Sheriff Ron Puckett said in early September, some of his department’s investigators began setting up shop in the former Morgan County Learning Center building. On Tuesday at the Morgan County Commission meeting, the commissioners voted 4-0 to approve a one-year lease with the school district at no cost to the county. The lease runs through Sept. 30, 2023.

It’s not known how long the students at the school with dwindling enrollment will be neighbors of the officers. The Morgan County school system is considering closing Sparkman Elementary, where Superintendent Robert Elliott Jr. has said the cost per student is $10,000 higher than at other schools in the district.

Commission Chairman Ray Long said the school district will pay the insurance on the building during the lease, and the Sheriff’s Office will pay for utilities and maintenance.

“It’s a good move for the school system and the Sheriff’s Office,” Long said. “It certainly benefits the school having that safety factor with the law enforcement

presence out there.” He said the venue was originally a basketball gymnasium when it opened about 50 years ago.

Dillard, a former safety director for the school system, said it eases her mind even more so after seeing school shootings in the news.

“The parents love it, we love it. We’re a radio away from having law enforcement here in 15 seconds. That’s a great response time.
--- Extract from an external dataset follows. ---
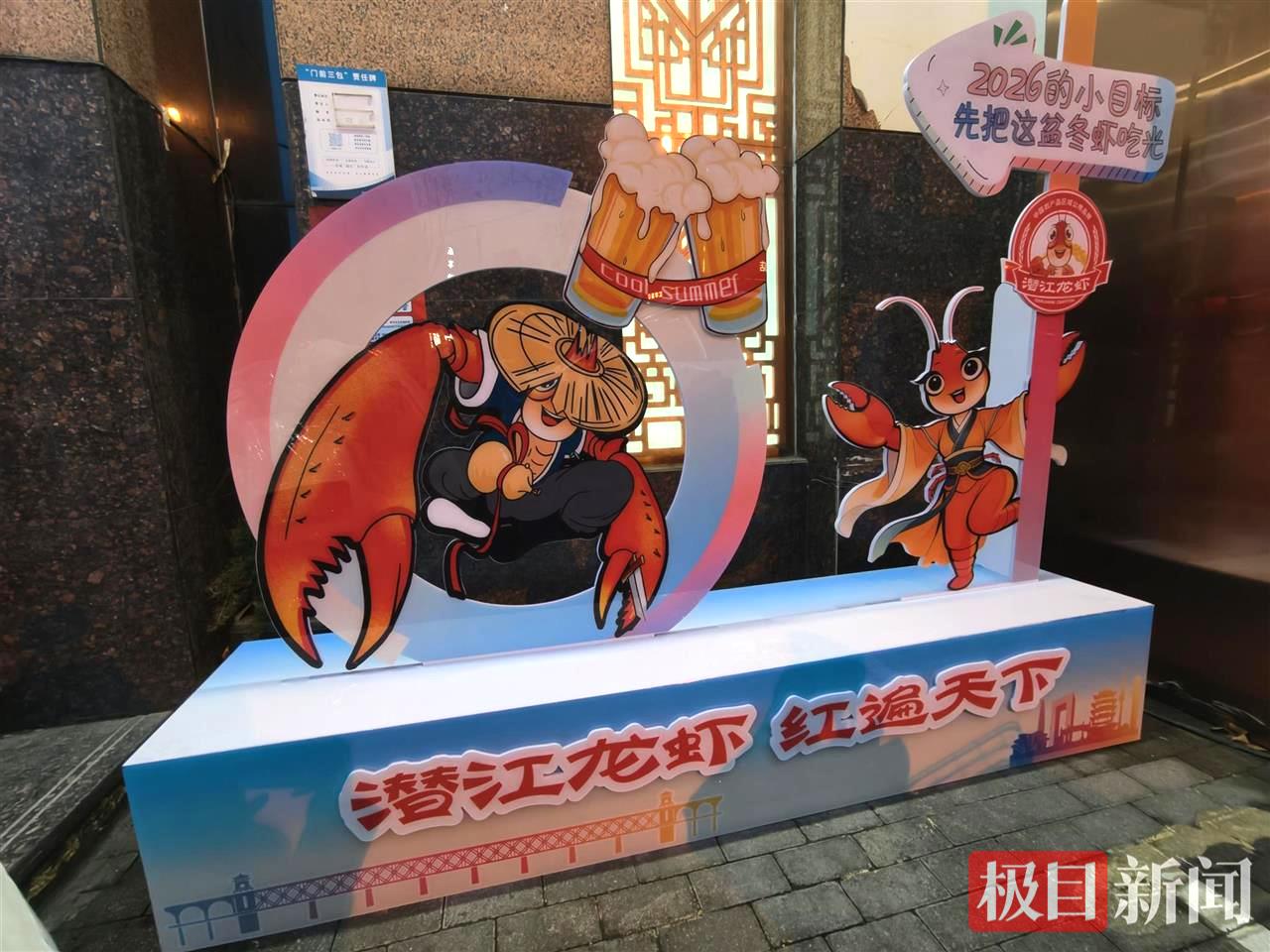 2026年1月1日,潜江龙虾冬季主题打卡装置亮相武汉市核心商圈的热门虾店——肥肥虾庄江汉路红房子店、靓靓蒸虾江汉路汉口STAY店、神豪家宴潜江龙虾店。这些打卡装置以潜江龙虾为主题,融入武汉的地标特色,色彩鲜艳,造型独特,巧妙展现了冬虾的生机活力,不仅为游客提供了打卡拍照的新场景,也让“潜江龙虾红遍天下”的品牌魅力在快门声中持续发酵,吸引更多人在冬季解锁畅吃活虾的消费新体验。

They’re literally here,” Dillard said.

Puckett said about 10 of his officers and their vehicles will frequently be at the office.

“This location is centrally located in the county and when they made the building available during conversations in midsummer, we jumped on it,” he said. “The school system has been good partners with us. (Superintendent) Robbie (Elliott) has been super to work with, and this simply makes the partnership stronger.”
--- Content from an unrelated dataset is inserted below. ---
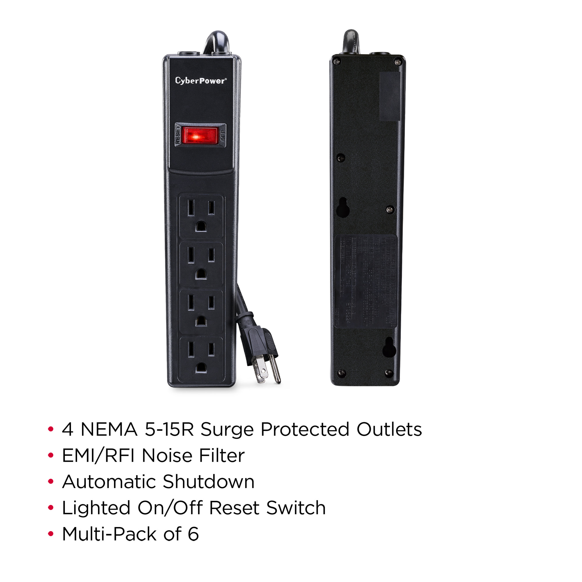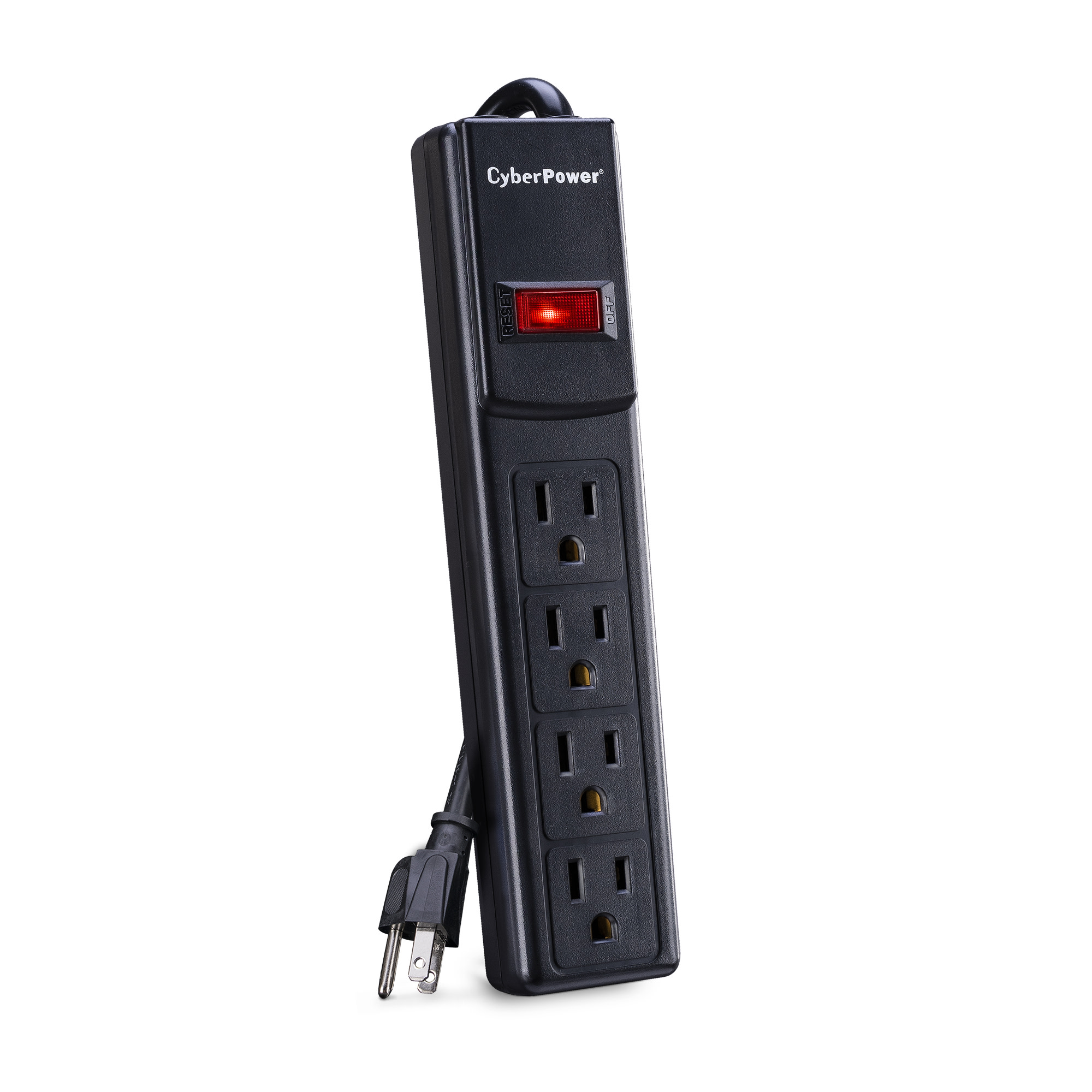 The CyberPower Essential Surge Protector CSB404 offers vital surge protection for common home and office devices such as computers and electronics. It prevents spikes in energy caused by storms and electrical power surges from reaching your electronic equipment. The CSB404 provides 450 joules of protection with 4 outlets and a power cord (4 ft.).

Dillard said the partnership also allows the students to see law enforcement in a positive light and that could have a lasting effect on the kids.

“Having our kids exposed to law enforcement in that positive way and see them as people they have seen, people they like, people who are nice to them is so impactful. (The officers) come over and eat in our lunchroom here sometime,” she said. “The (school resource officer) program we have helps, but to have 10 or 12 guys over there come visit is important. The kids get to interact with them. They are welcome in our building, and we’ve told them that. They can come eat lunch or come read a book to the kids. They’re not just over there and we wave at them.”